Ana Krepp, na Folha de S.Paulo

Conversando com gente que encontra em rodoviárias, albergues, hotéis, restaurantes e pontos turísticos de cidades de diversas regiões do Brasil, Caio Dib, 22, tem descoberto escolas e projetos educacionais inovadores.

Formado desde o fim do ano passado em jornalismo, ele partiu de São Paulo a Belém, em março, para uma viagem de cinco meses pelo país, de ônibus.

Eram dois os objetivos na partida: conhecer, de fato, o Brasil e mapear boas práticas em educação.

“Eu não conhecia a realidade do meu país, vivia fechado em escritórios e precisava crescer como pessoa. Para isso, precisei conhecer mais da educação, que é intrínseca à realidade”, diz.

Aprendizado cooperativo nas aulas do professor Diego (Nonato Furtado)

Aprendizado cooperativo nas aulas do professor Diego (Nonato Furtado)

Há três meses na estrada, ele percorreu mais de 9.000 quilômetros e passou por 42 cidades do Norte, Nordeste e Centro-Oeste.

Nos próximos dois meses, ele pretende visitar pelo menos mais 21 cidades.

Caio ficou surpreso com a quantidade de iniciativas que encontrou no Nordeste. O Ceará, particularmente, lhe chamou a atenção.

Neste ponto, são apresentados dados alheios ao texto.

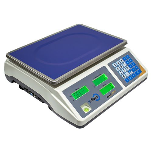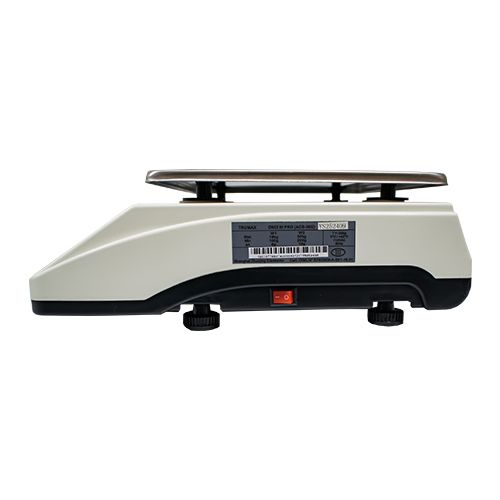Balanza liquidadora marca Trumax, disponible en version plana, con interfase RS232, fabricada en ABS de alta resistencia, plato en acero inoxidable de 22.5×32.5cm, display LCD, bateria recargable, capacidad maxima:15/30kg, division de escala 5/10g, Con certificacion OIML, homologada para metrología Legal en Colombia, cumplen resolución 77506 de la Superintendencia de Industria y Comercio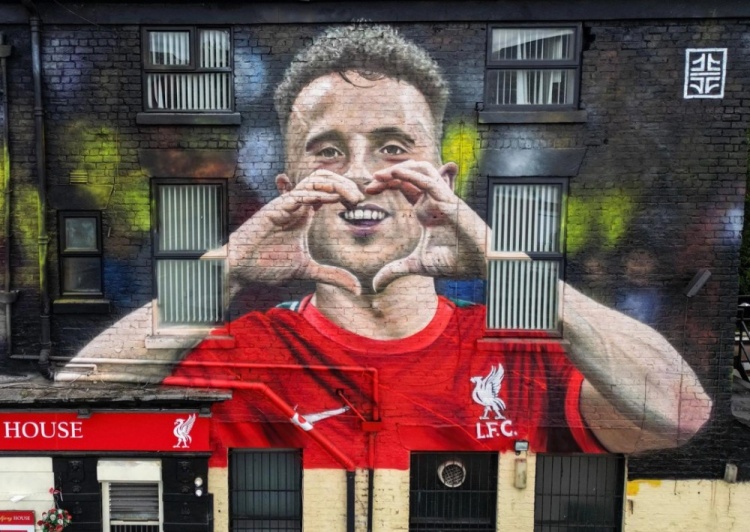 这幅画描绘了若塔庆祝进球的瞬间。壁画位于距离红军主场不远处的半路屋酒吧外墙上,这里离若塔自2020年9月从狼队加盟后享受过无数欢乐时光的地方仅几步之遥。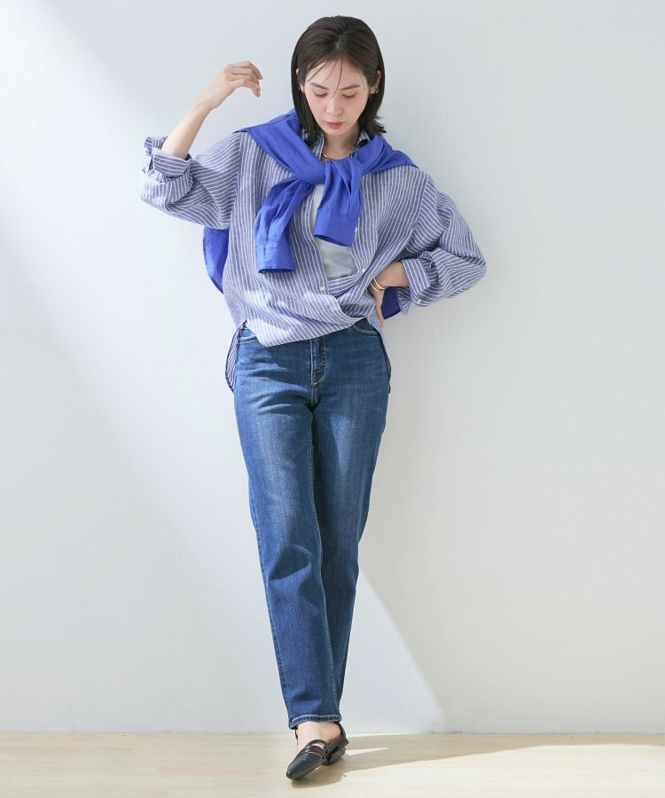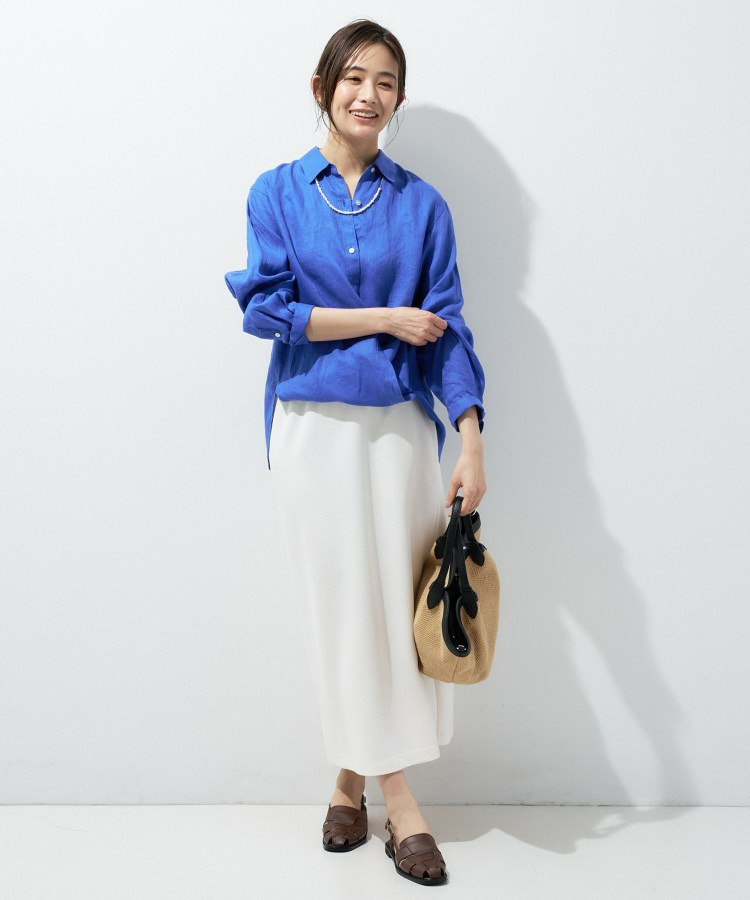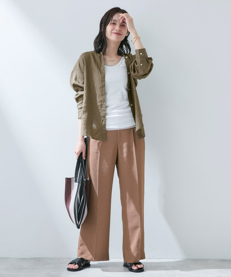 ハリ感と落ち感を兼ね備えているため、オフィススタイルにもカジュアルスタイルにも馴染みます。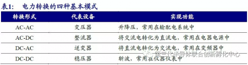 模拟 IC 中的电源管理 IC 与分立器件中的功率器件功能相似,二者经常集成在一颗芯片中,因此功率半导体包括功率 IC 和功率器件。功率半导体的具体用途 是变频、变相、变压、逆变、整流、增幅、开关等,相关产品具有节能的作用,被广泛应用于汽车、通信、消费电子和工业领域。在汽车中,汽车蓄电池的输入电压 在 12V-36V,而民用电电压为 220V,将民用电电压转换至输入电压的过程叫做变 压。蓄电池的输入电流一般是直流电,将交流电转换为直流电的过程叫做整流。汽车运行时,蓄电池持续输出直流电,而汽车的各个模块需要使用交流电,交流电转 换为直流电的过程叫做逆变。汽车蓄电池输出的电压很低,无法满足各个模块的需 求,将低电压转换成高电压的过程叫做增幅。电动汽车的马达使用的电流是三相电。首先,蓄电池输出的直流电经过逆变后成为单向交流电,将单向交流电变为三相电 的过程叫做变相。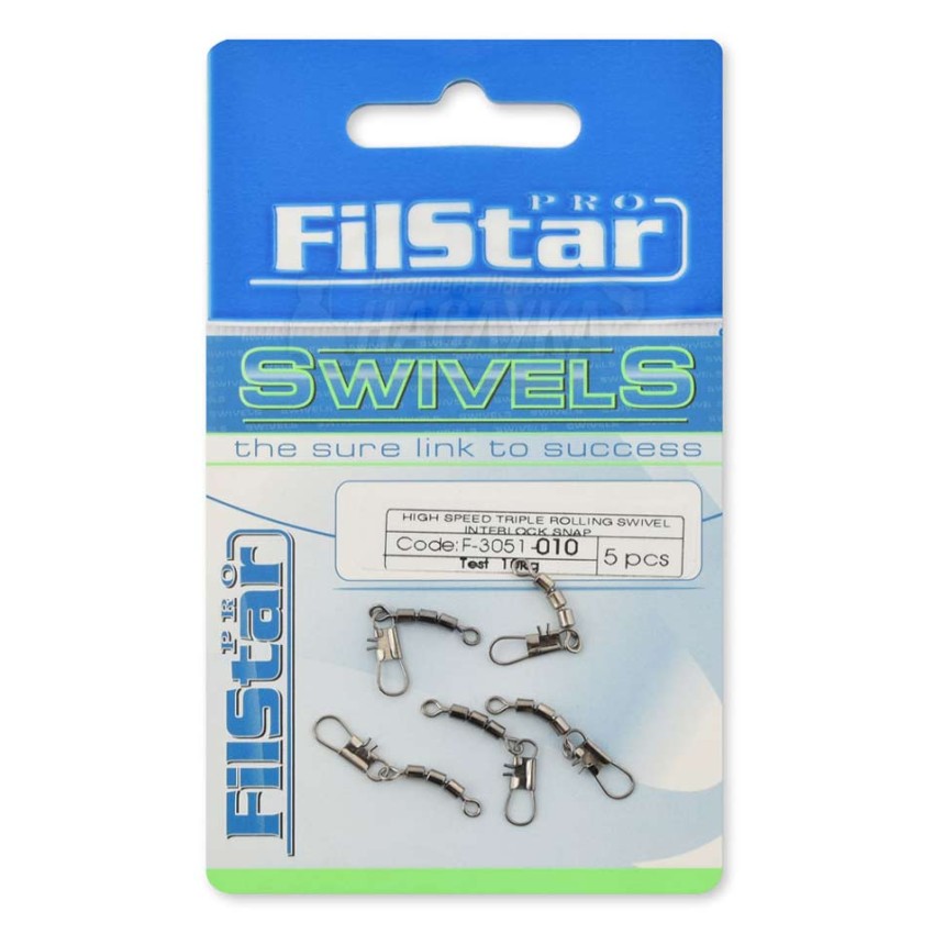 Тройни вирбели от неръждаема стомана с голяма издръжливост и карабина с много надеждно закопчаване, които напълно предотвратяват усукването на риболовната линия. Завъртат се и при най-малката необходимост, елиминирайки оплитането на влакното. Подходящи предимно за спининг риболов.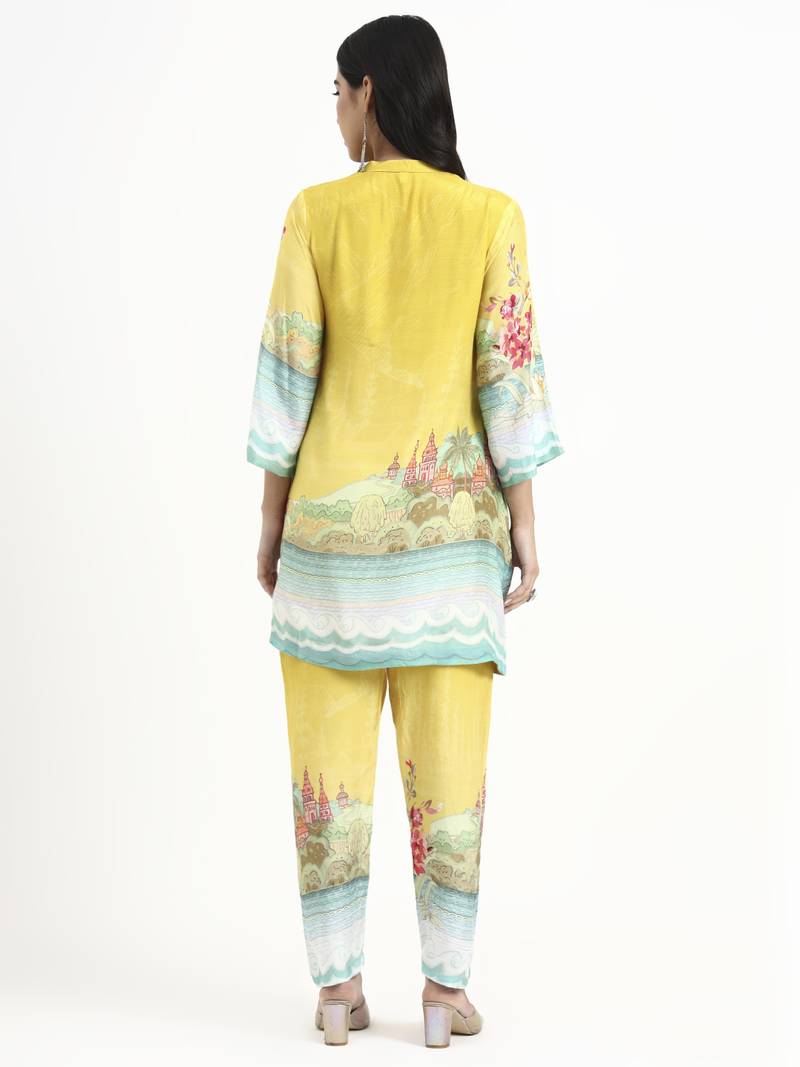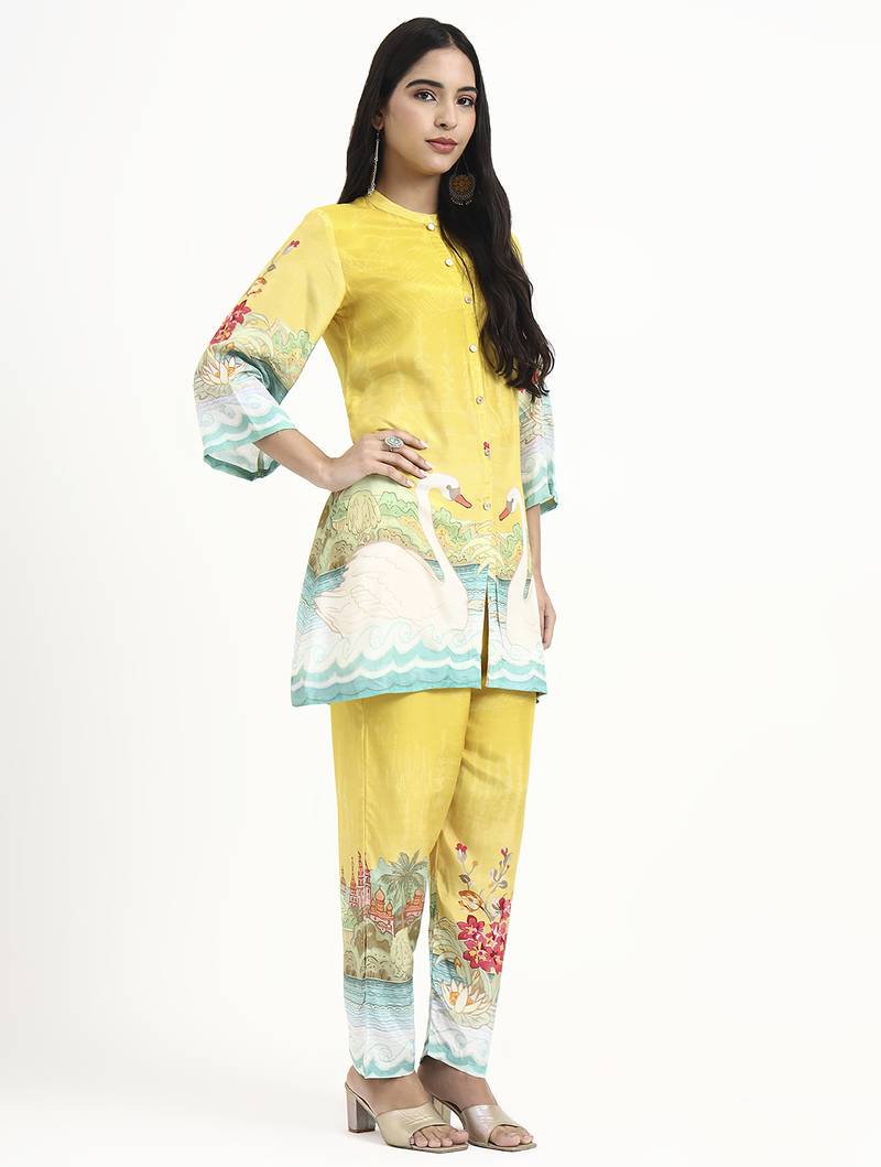 yellow digtal print straight muslin co-ord set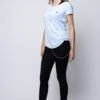 Het model op de foto is 176 en draagt maat S. De top valt op maat.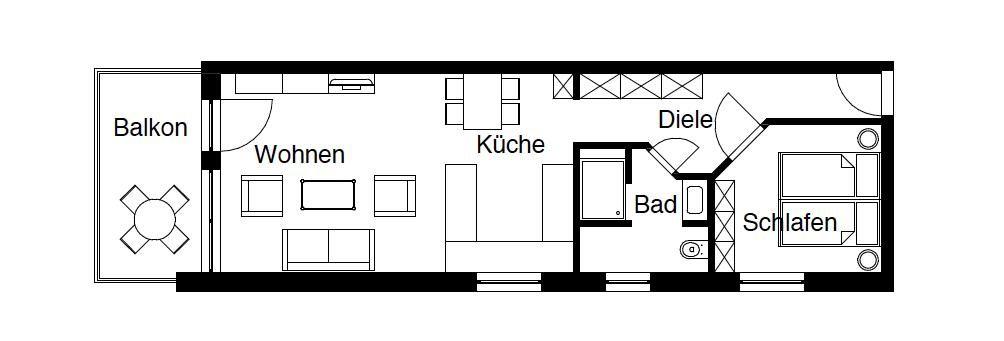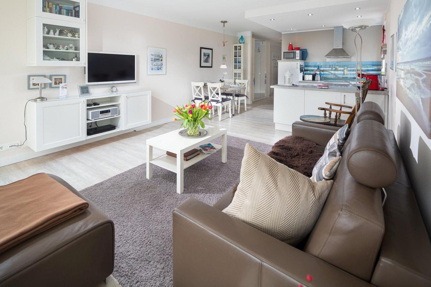 Die Wohnung selbst zeichnet sich durch die helle und lichtdurchflutete Einrichtung aus. Das kleine, aber gemütliche Schlafzimmer ist mit einem Doppelbett (1,60m x 2,00m) ausgestattet. Das Wohnzimmer integriert einen sehr gut ausgestatteten Küchenbereich. Das moderne Bad der Wohnung ist mit einem WC, einem Handwaschbecken und einer Dusche ausgestattet. Eine Besonderheit ist der integrierte "Sunshower" in der Duschkabine. Zudem verfügt die Wohnung über einen ca. 8 qm großen Südbalkon.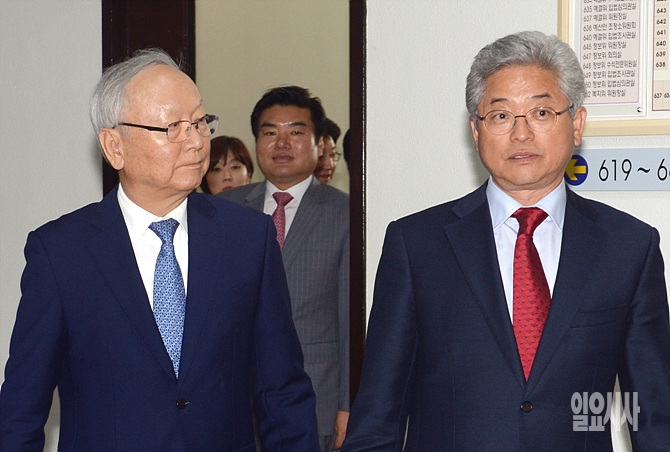 27일, 이병호 국가정보원장(사진 왼쪽)이 북한의 제5차 핵실험 가능성과 북한의 잠수함 발사 탄도미사일(SLBM) 시험 발사, 5월초로 예정된 제7차 노동당대회 등 북한 관련 동향과 정보를 보고하기 위해 열린 국회 정보위원회 간담회에 앞서 이철우(오른쪽)·신경민 여야 간사, 원유철 새누리당 원내대표 등과 환담을 나누기 위해 서울 여의도 국회 정보위원장실 안으로 입장하고 있다.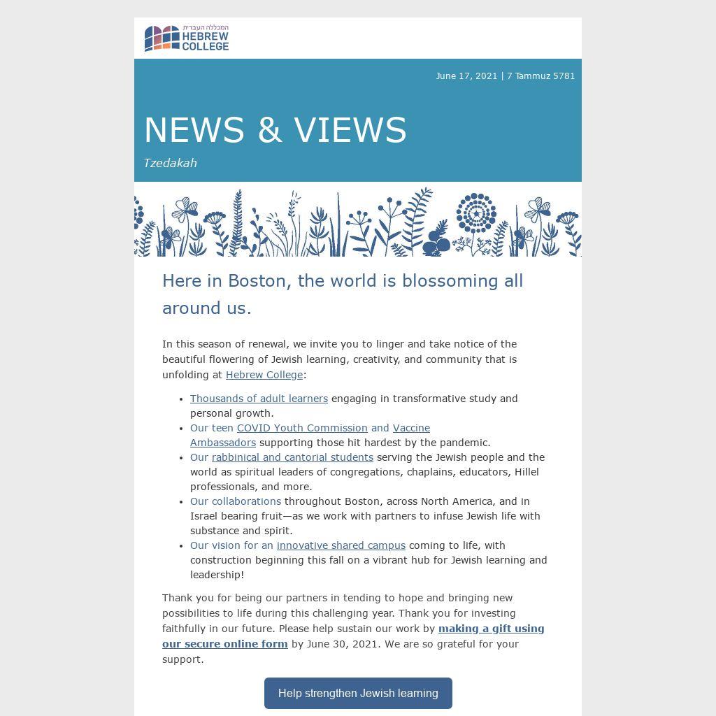 In this season of renewal, we invite you to linger and take notice of the beautiful flowering of Jewish learning, creativity, and community that is unfolding at Hebrew College:

“Eles tiram ótimas notas nas provas oficiais do governo. O Ideb [Índice de Desenvolvimento da Educação Básica] tem uma meta para 2021 que várias escolas de lá já bateram”, diz.

Em Pentecoste, a 85 km de Fortaleza, ele visitou uma escola técnica estadual “com infraestrutura de colégio particular e método de aprendizagem cooperativa.”

Os alunos se reúnem em grupos de três a seis crianças, leem e debatem o tema de cada aula.”Aprendem a argumentar, ouvir opiniões e a trabalhar em grupo.”

No Rio Vermelho, bairro boêmio de Salvador, conheceu uma parceria entre sete escolas locais que preconiza que qualquer lugar pode ser uma sala de aula.

“Por que não aprender biologia no parque, em vez de aprender no laboratório da escola?”, questiona.

ROTEIRO

“Antes de sair fiz um planejamento do roteiro da viagem, mas muda tudo quando chego em um lugar e fico sabendo que na cidade vizinha tem algo interessante.”

No primeiro dia em uma cidade, Caio costuma ficar na recepção de um hotel para conversar com pessoas e pegar dicas de projetos interessantes. No dia seguinte, anda pelas ruas e visita museus.

“A maioria dos monitores de museus é estudante de licenciatura e está envolvido de alguma maneira com educação, então eles me dão dicas.”

O planejamento inicial, de ficar no máximo três dias em cada cidade, caiu por terra. Lugares como Salvador e Brasília ocuparam mais de uma semana do roteiro.

Imprevistos como esse fizeram Caio rever também seu planejamento financeiro. Os R$ 6.000 reservados para os gastos com hospedagem, deslocamento, alimentação e imprevistos foram revistos.

A nova previsão é que R$ 15 mil sejam suficientes para mantê-lo até agosto.

Quando voltar a São Paulo, a ideia é lançar dois livros. Um sobre as experiências que viveu e outro sobre os projetos educacionais mais interessantes que encontrou.